2. Cuidar la forma tanto como el fondo
La calidad del contenido importa, pero la manera en que se presenta también comunica. Puntualidad, redacción, tono, lenguaje respetuoso e imagen personal forman parte de la experiencia relacional que proyectas.
3. Mapear tus públicos universitarios
Identifica con quiénes interactúas y por qué: docentes, autoridades, compañeras y compañeros, personal administrativo y actores externos. Comprender sus expectativas permite relaciones más estratégicas y empáticas.
4. Participar activamente en espacios de representación
Comités, sociedades de alumnos, congresos, proyectos académicos o actividades culturales son escenarios reales de representación institucional.
5. Aprender a comunicar en contextos digitales
Lo que publicas, comentas y compartes construye reputación. Gestiona tus redes sociales con criterio profesional y conciencia pública.
6. Generar redes, no solo contactos
Relacionarte no es acumular nombres, sino construir vínculos basados en el respeto y el interés genuino. El seguimiento y el reconocimiento fortalecen las relaciones.
7. Observar y aprender de los protocolos existentes
Analiza cómo se organizan eventos académicos, ceremonias y reuniones institucionales. Esta observación desarrolla sensibilidad y criterio institucional.
8. Manejar desacuerdos con inteligencia relacional
El conflicto también comunica. Saber expresarlo con argumentos, respeto y oportunidad fortalece la credibilidad personal.
9. Documentar tu participación y tus logros
Registrar proyectos y aprendizajes es memoria profesional y base para construir un relato sólido de trayectoria.
10. Actuar con ética y congruencia
La confianza es el capital central de las relaciones públicas. La coherencia entre lo que se dice y lo que se hace es la acción más poderosa que puede ejercer una persona joven.
Las relaciones públicas no comienzan con un cargo, una oficina o una tarjeta de presentación.
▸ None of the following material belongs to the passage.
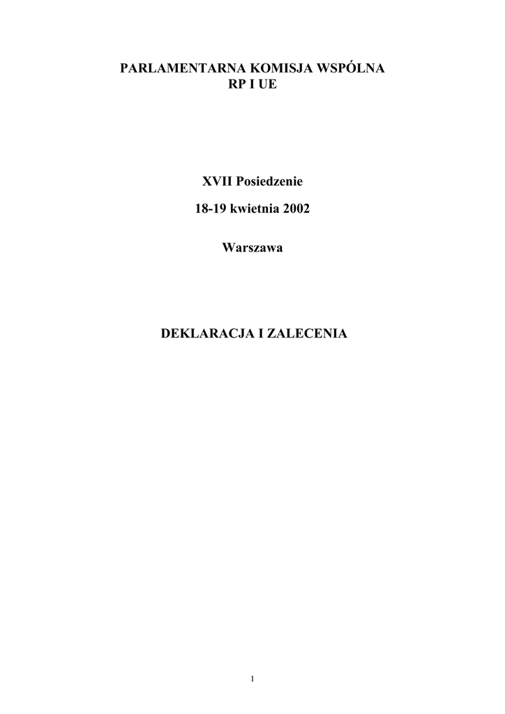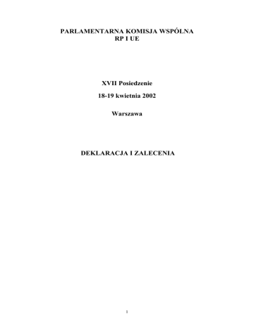 PARLAMENTARNA KOMISJA WSPÓLNA RP I UE XVII Posiedzenie 18-19 kwietnia 2002 Warszawa DEKLARACJA I ZALECENIA 1 Parlamentarna Komisja Wspólna Rzeczypospolitej Polskiej i Unii Europejskiej pod przewodnictwem deputowanego Jean-Louis Bourlanges (Parlament Europejski) i posła Józefa Oleksego (Sejm) odbyła w dniach 18-19 kwietnia 2002 roku w Warszawie swoje XVII posiedzenie. Podczas posiedzenia członkowie Parlamentarnej Komisji Wspólnej wymienili poglądy z sekretarzem Komitetu Integracji Europejskiej minister Danutą Hübner, Głównym Negocjatorem ze strony polskiej ministrem Janem Truszczyńskim, reprezentującym urzędującą prezydencję Rady Unii Europejskiej ambasadorem Królestwa Hiszpanii w Polsce Juanem Pablo de Laiglesia oraz przedstawicielką Komisji Europejskiej dyrektorem w Dyrekcji Generalnej ds. Rozszerzenia Françoise Gaudenzi. Podczas dyskusji członkowie PKW poruszyli następujące kwestie: • Sytuacja polityczna i gospodarcza w Polsce oraz stan wzajemnych stosunków RP i UE. • Ocena stanu negocjacji akcesyjnych, ocena dokumentów Komisji Europejskiej z 30 stycznia 2002 roku w sprawie ram finansowych w zakresie negocjacji akcesyjnych na lata 2004-2006 oraz “Rolnictwo i Rozszerzenie”; pomyślne przyłączenie nowych państw członkowskich do wspólnej polityki rolnej. • Debata na temat przyszłości Unii Europejskiej w świetle dyskusji w ramach Konwentu UE. Parlamentarna Komisja Wspólna wystosowała następujące zalecenia do Rady Stowarzyszenia oraz instytucji polskich i unijnych: na temat rozwoju sytuacji w Unii Europejskiej 1. Potwierdza, że rozszerzenie Unii Europejskiej jest ważnym i nieodwracalnym procesem. Z zadowoleniem wita konkluzje Rady Europejskiej z Laeken, w których państwa członkowskie wyraziły determinację zakończenia negocjacji akcesyjnych do końca 2002 roku tak, aby obywatele państw, które będą do tego czasu gotowe, mogli uczestniczyć w wyborach do Parlamentu Europejskiego w 2004 roku w charakterze członków Unii Europejskiej; 2. Z zadowoleniem odnotowuje deklarację przewodniczącego Parlamentu Europejskiego Pata Coxa, który przedstawiając priorytety swojej kadencji podczas wystąpienia z 15 stycznia 2002 roku zapowiedział zaproszenie przedstawicieli parlamentów państw kandydujących do uczestnictwa w debacie na temat rozszerzenia, która ma się odbyć jeszcze w tym roku w Parlamencie Europejskim, a także w pracach Parlamentu Europejskiego w charakterze obserwatorów po podpisaniu Traktatu Akcesyjnego; 3. Podkreśla znaczenie szybkiego zakończenia procesu ratyfikacji Traktatu z Nicei; 4. Z zadowoleniem odnotowuje uwieńczone sukcesem wprowadzenie waluty euro 1 stycznia 2002 roku; 2 na temat przyszłości Europy 5. Z zadowoleniem przyjmuje postanowienia Rady Europejskiej z Laeken dotyczące utworzenia Konwentu w sprawie przyszłości Europy oraz udziału państw kandydujących w pracach Konwentu przygotowującego kolejną Konferencję Międzyrządową, której celem będzie opracowanie przyszłego kształtu Unii Europejskiej w ramach traktaktu konstytucyjnego. PKW z zadowoleniem przyjmuje decyzję Prezydium Konwentu o udziale jednego przedstawiciela państw kandydujących w pracach Prezydium oraz o możliwości korzystania z języków państw kandydujących. PKW wyraża przekonanie, że jednym z podstawowych celów Konwentu jest wzmocnienie demokratycznej legitymacji procesu integracji europejskiej i musimy o tym pamiętać podczas dyskusji w sprawie podziału kompetencji oraz roli parlamentów narodowych; 6. PKW podkreśla znaczenie wzmocnienia zasady subsydiarności, uważając jednocześnie, że podział kompetencji na szczeblu wspólnotowym, narodowym i regionalnym nie powinien prowadzić do renacjonalizacji polityk wspólnotowych, co stanowiłoby niewątpliwie szkodę dla procesu integracji europejskiej; na temat strategii rozszerzenia i negocjacji akcesyjnych 7. Wita z zadowoleniem potwierdzenie przez Radę Europejską z Laeken stanowiska Komisji Europejskiej, wyrażonego 13 listopada 2001 roku w dokumencie strategicznym na temat rozszerzenia, zgodnie z którym przy utrzymaniu dotychczasowego tempa negocjacji akcesyjnych i reform w krajach kandydujących, do zakończenia negocjacji przed końcem 2002 roku mogłoby być gotowych dziesięć państw kandydujących. PKW popiera pogląd, iż negocjacje akcesyjne powinny być prowadzone zgodnie z kalendarzem przyjętym w „mapie drogowej” oraz z zadowoleniem wita zobowiązanie Komisji Europejskiej do przedstawienia w pierwszej połowie 2002 roku projektu wspólnych stanowisk w ostatnich obszarach negocjacyjnych. PKW potwierdza, że ostateczne decyzje dotyczące przyjęcia do Unii Europejskiej nowych państw członkowskich powinny być podjęte na podstawie gotowości państw kandydujących do przyjęcia, wdrożenia i egzekwowania pełnego acquis; 8. Wita z zadowoleniem przyjęcie przez Komisję Europejską, przygotowanego w ścisłej współpracy z polskim rządem, planu działania w zakresie wzmacniania potencjału administracyjnego, uznając go za szczególnie użyteczny instrument przygotowania polskiej administracji do funkcjonowania w UE po akcesji. 9. Z zainteresowaniem odnotowuje propozycję Komisji Europejskiej z 30 stycznia 2002 roku zawartą w dokumencie dotyczącym finansowych aspektów rozszerzenia i wyraża przekonanie, że dokument Komisji stanowi ważny krok w procesie akcesyjnym i dobrą podstawę roboczą dalszych rozmów. PKW oczekuje rozwiązań, umożliwiających Polsce uzyskanie natychmiast po akcesji statusu beneficjenta netto, zarówno w odniesieniu do kwot transferów jak i zobowiązań; 3 10. Za pozytywny uznaje fakt, że proponowane ramy finansowe zakładają przyznanie dopłat bezpośrednich dla rolników państw przystępujących do Unii Europejskiej jako integralnej części obecnej wspólnej polityki rolnej. PKW ocenia, że wprowadzenie pełnych dopłat bezpośrednich powinno być przedyskutowane celem osiągnięcia optymalnego rozwiąza

Comienzan con la manera en que una persona se relaciona, se expresa y asume su presencia en los espacios que habita. Para las y los jóvenes universitarios, entender esto a tiempo marca una diferencia sustantiva entre improvisar su trayectoria o construirla con intención.
La universidad no es un ensayo general: es el primer escenario real donde se pone en juego la reputación, la credibilidad y la capacidad de representación. Cada clase, cada proyecto, cada interacción y cada decisión comunica, incluso cuando no se es plenamente consciente de ello.
Incorporar las relaciones públicas desde esta etapa no significa adelantar la vida profesional, sino ejercerla con responsabilidad desde el presente. Quienes desarrollan esta mirada temprana llegan al mundo laboral con algo que no se aprende de un día para otro: criterio relacional, lectura de contexto y conciencia del impacto público de sus actos.
En un entorno donde la confianza es un recurso escaso y la exposición es constante, saber relacionarse con ética, estrategia y sentido institucional ya no es un valor agregado. Es una competencia esencial para construir trayectorias sólidas, liderazgos legítimos y futuros profesionales con verdadero impacto.